AhNowTed · 05/10/2019 19:13

@IceCreamAndCandyfloss

"You don’t really think he will fall for the whole accident thing just as the exact time you were meant to look for work and share the financial burden of the family do you? "

This is exactly what happened here.

Sizeofalentil · 05/10/2019 19:13

What's done is done. To be honest, I'd wait until I was over 8 weeks, to see if it sticks, before saying anything. Otherwise, what's the point of rocking the boat?

I'm sure a lot of posters would disagree with me but I wouldn't confess to stopping taking the pill in purpose - I'd maybe say that I'd been lax with taking it on time or that I'd had an upset stomach but not thought much more about it because of how long it took to ttc before.

What would be the point of derailing your marriage? The baby will still be there regardless and your punishment is the guilt you're feeling right now.

Once you've told your husband you're expecting, then you can decide what to do together.

For what it's worth, I don't blame you for what you did - my dd took so long to arrive that I didn't think to use contraception when my period returned after bf. And got pregnant first cycle. So I can see how your mind would work - like you were just playing chicken and living a fantasy a bit before you'd have naturally come to your senses and started taking the pill again

JacquesHammer · 05/10/2019 19:14

only total abstinence provides 100% protection against pregnancy. The contraceptive pill used properly, however, has an extremely high success rate

I know how sex works Grin

The fact is that although the stats are given for “perfect use”, “typical use” drops the efficacy of the pill to a much lower success rate. It isn’t about trusting your partner, it is about acknowledging that if a pregnancy is a disaster, you do everything you can to prevent - including taking into consideration that hormonal contraception can go wrong.

IceCreamAndCandyfloss · 05/10/2019 19:17

It’s very sad how many advocate not telling him the truth. He deserves to know his real wife and what she did to get her own way knowing it was against his wishes. This could be your son one day.

AhNowTed · 05/10/2019 19:17

@JacquesHammer you're being a bit ridiculous. Condoms can also fail so what's a man supposed to do: a triple lock down of withdrawal as well!

Jinxed2 · 05/10/2019 19:19

Wow. So many people thinking it’s ok to lie about this! 😳

JacquesHammer · 05/10/2019 19:21

you're being a bit ridiculous. Condoms can also fail so what's a man supposed to do: a triple lock down of withdrawal as well!

You don’t need to tag me I’m on the thread.

I’m sure you’re capable of working out the stats on perfect use condoms in addition to the pill.

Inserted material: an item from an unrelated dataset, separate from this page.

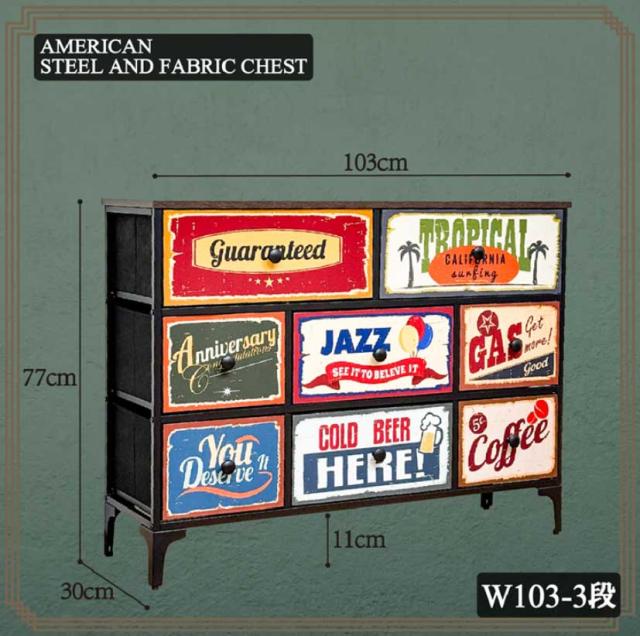 | 品名 | American Steel And Fabric Chest チェスト W103 3段 |

I know it’s anathema to a high proportion of men to wear a condom, but they must acknowledge that sex can equal pregnancy. If that end result is a disaster it’s foolish to rely on one contraception method.

ItsReallyNotOk · 05/10/2019 19:21

Christ on a cracker people.

This thread is shocking.

The sheer amount of people telling you to lie is frightening.

You are parents.
You are responsible for shaping and guiding young minds.
You are responsible for teaching your child right and wrong.

You have deceived and manipulated your husband.
Your behaviour is appalling and you should be afraid for your child as your lack of morals and responsibilitiy is going to screw up your child........and they'll end up tricking someone into becoming a parent.

You are parents and you're doing a shit job of it if you think that this behaviour is acceptable and she should lie to her husband about it.
You should be ashamed.

Veterinari · 05/10/2019 19:22

I find but worrying that you ask, vet. A pregnancy takes the toll on the woman's body and health, for one thing.

@Sagradafamiliar you could also argue that the OP’s deceit takes its toll on her husband’s mental health and work stress. They are different consequences but one does not trump the other, both require manipulation and deceit - so yes pretty similar...

Sagradafamiliar · 05/10/2019 19:22

Exactly Jacques.

Hopoindown31 · 05/10/2019 19:23

Standard Mumsnet advice of just lying to the husband just as with affairs I see. Sad.

Sagradafamiliar · 05/10/2019 19:23

Crack on with your line of thought vet, in reality I think most can accept the two are very different scenarios.